- Born: Eliza Missouri Bushyhead January 3, 1839 Cape Girardeau, Missouri
- Died: November 5, 1919 (aged 80) Claymore, Oklahoma (now Claremore, Oklahoma)
- Other names: Eliza Vann
- Citizenship: Cherokee, American
- Occupations: Businesswoman, school administrator, educator
- Known for: Lobbied state for Normal School that became NSU, Tahlequah, Oklahoma

= Eliza Bushyhead Alberty =

Cherokee educator and businesswoman

Eliza Missouri Alberty ( Bushyhead; January 3, 1839 – November 6, 1919) was a Cherokee businesswoman, school administrator and educator.

==Early life and education==
Eliza was one of nine children born to the Rev. Jesse Bushyhead (also called Unaduti), a Cherokee and Baptist minister, and Eliza ( Wilkinson; transcribed as Wilkerson by some of her descendants). She was born in 1839 in Cape Girardeau, Missouri, while her father led a group of Cherokee to Indian Territory during the Trail of Tears.
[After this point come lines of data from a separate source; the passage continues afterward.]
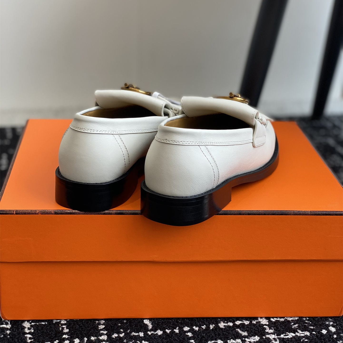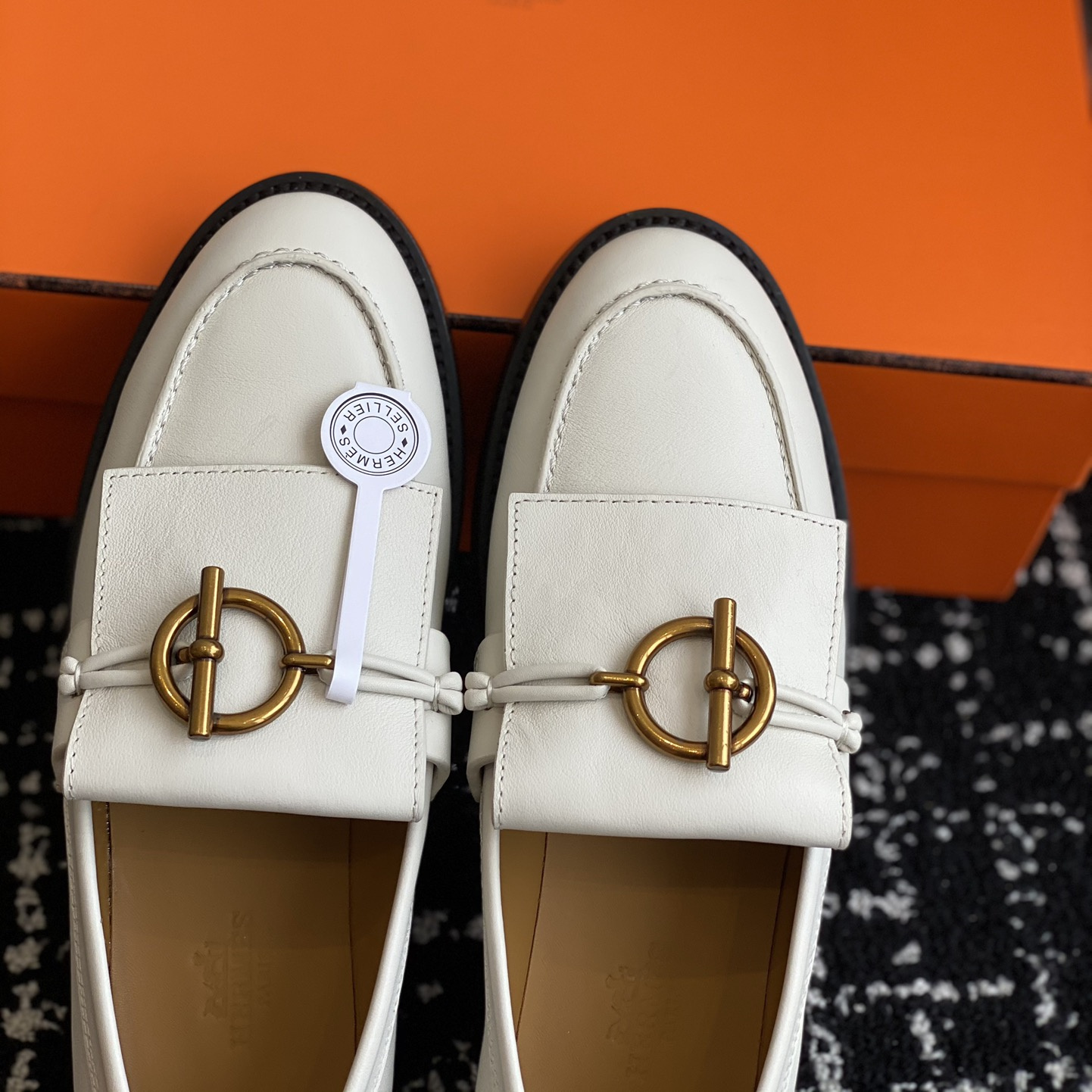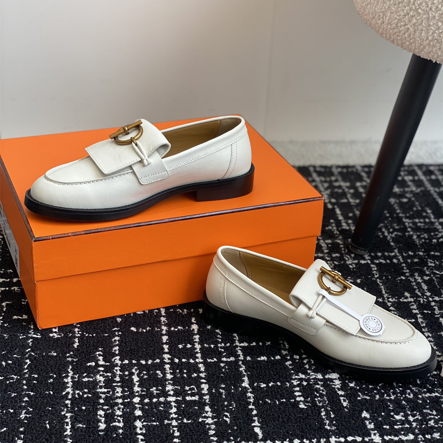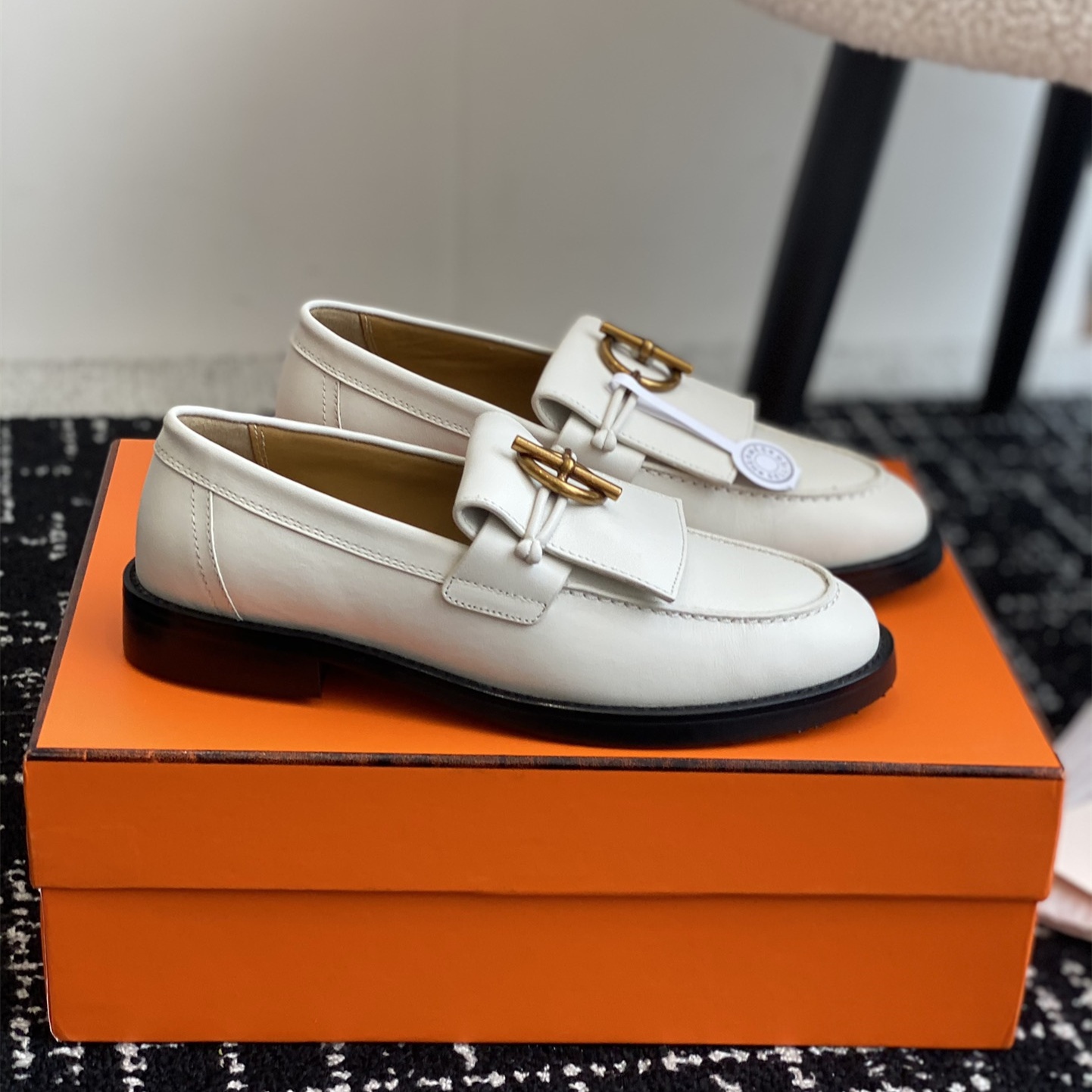 高仿Hermes*H241143ZCL塔扣小羊皮樂福鞋白色免檢版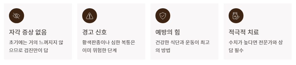 - 경고 신호: 황색판종이나 심한 복통이 있다면 이미 위험한 고지혈증 증상 단계일 수 있습니다.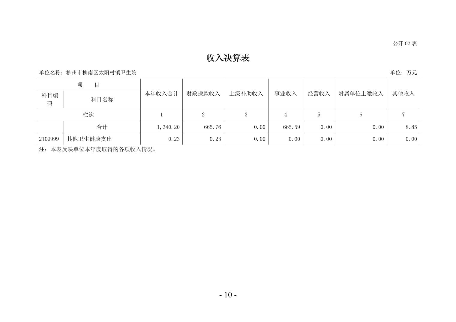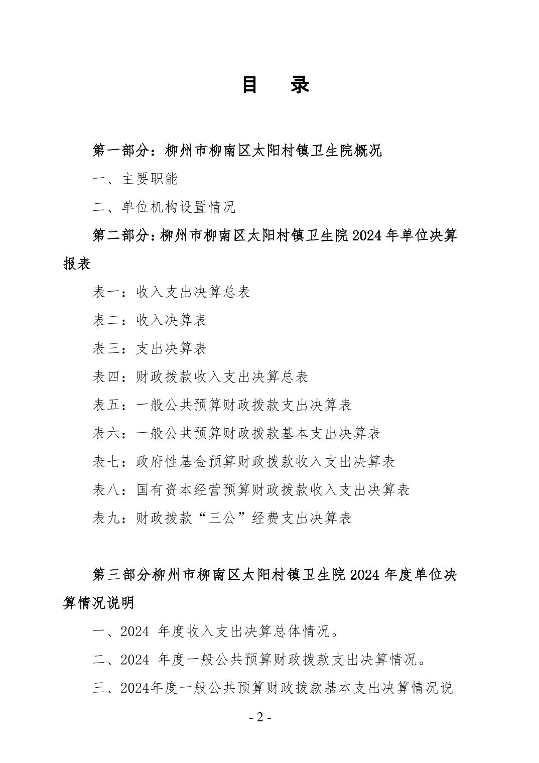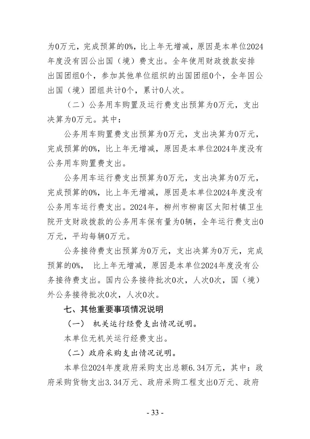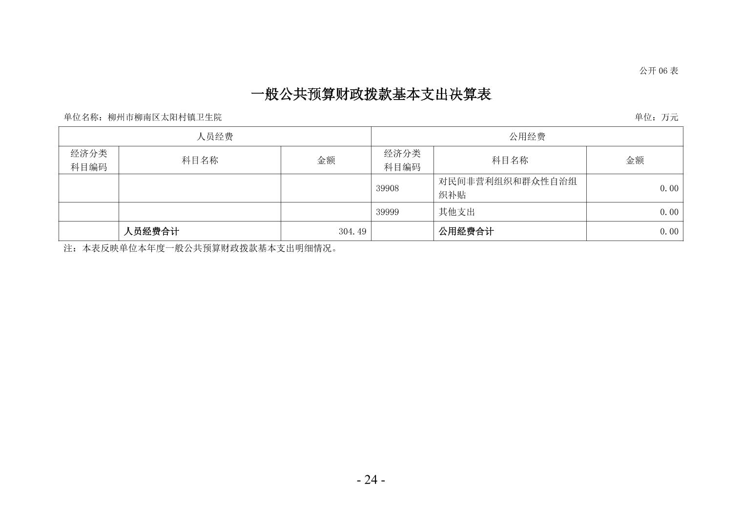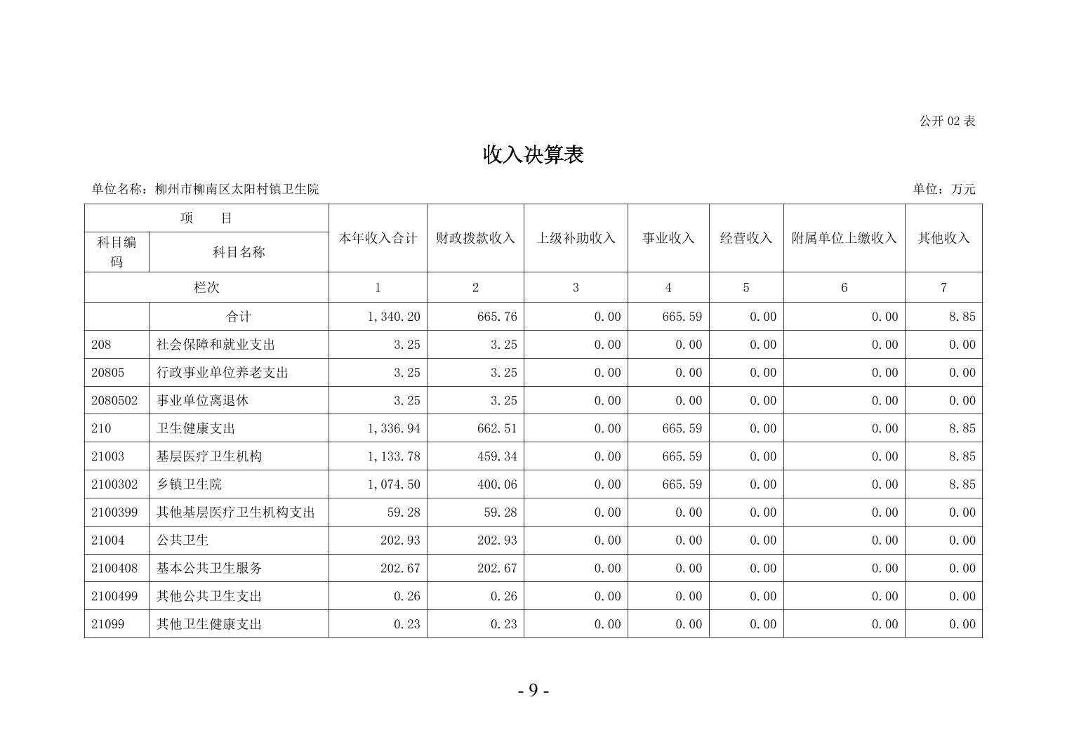 柳州市柳南区太阳村镇卫生院2024年度单位决算公开

Upon arrival in the new territory, her father established a Baptist mission near what is now Westville, Arkansas. Alberty attended the mission until 1854, when she enrolled in the Cherokee Female Seminary at Park Hill, Cherokee Nation. She graduated in the second class from the Seminary in 1856.

==Career and personal life==
Shortly after her graduation, Alberty took a position teaching at the Post Oak Grove and Vann's Valley schools, both Cherokee Nation public schools, until 1859. She had married David Rowe Vann, one year earlier in 1858. Three years after Vann's death in 1870, she married Bluford West Alberty, a lawyer and political figure.

The Albertys were appointed stewards of the Cherokee Insane Asylum, known colloquially as "Belleview". In 1885, the Albertys purchased a hotel in Tahlequah and named it "National Hotel". After her husband's death in 1889, Alberty managed the hotel and made it the most successful in Indian Territory. She was very active in the Baptist church and was commonly called "Aunt Eliza" in the community and by those attending the seminary because of their affection for her.

==Death==
Alberty died at the age of 80 in Claymore, Oklahoma. Her remains were transported to Tahlequah for burial. Along the way her nephew, Owen McNair of Dallas, Texas, was presented with a boquet of Chrysanthemums grown from stems taken from the old Chief Bushyhead garden in Fort Gibson. She was laid to rest near her older brother, Dennis Wolf Bushyhead, Principal Chief of the Cherokee Nation from 1879–1888.

==Notable moments==
Upon Oklahoma becoming a state in 1907, Alberty lobbied to have a state normal school established in Tahlequah. She was successful and to recognize her efforts, George Washington Steele, the first governor of Oklahoma, presented her with the pen he used to sign the legislation into law that created the Northeastern Normal School.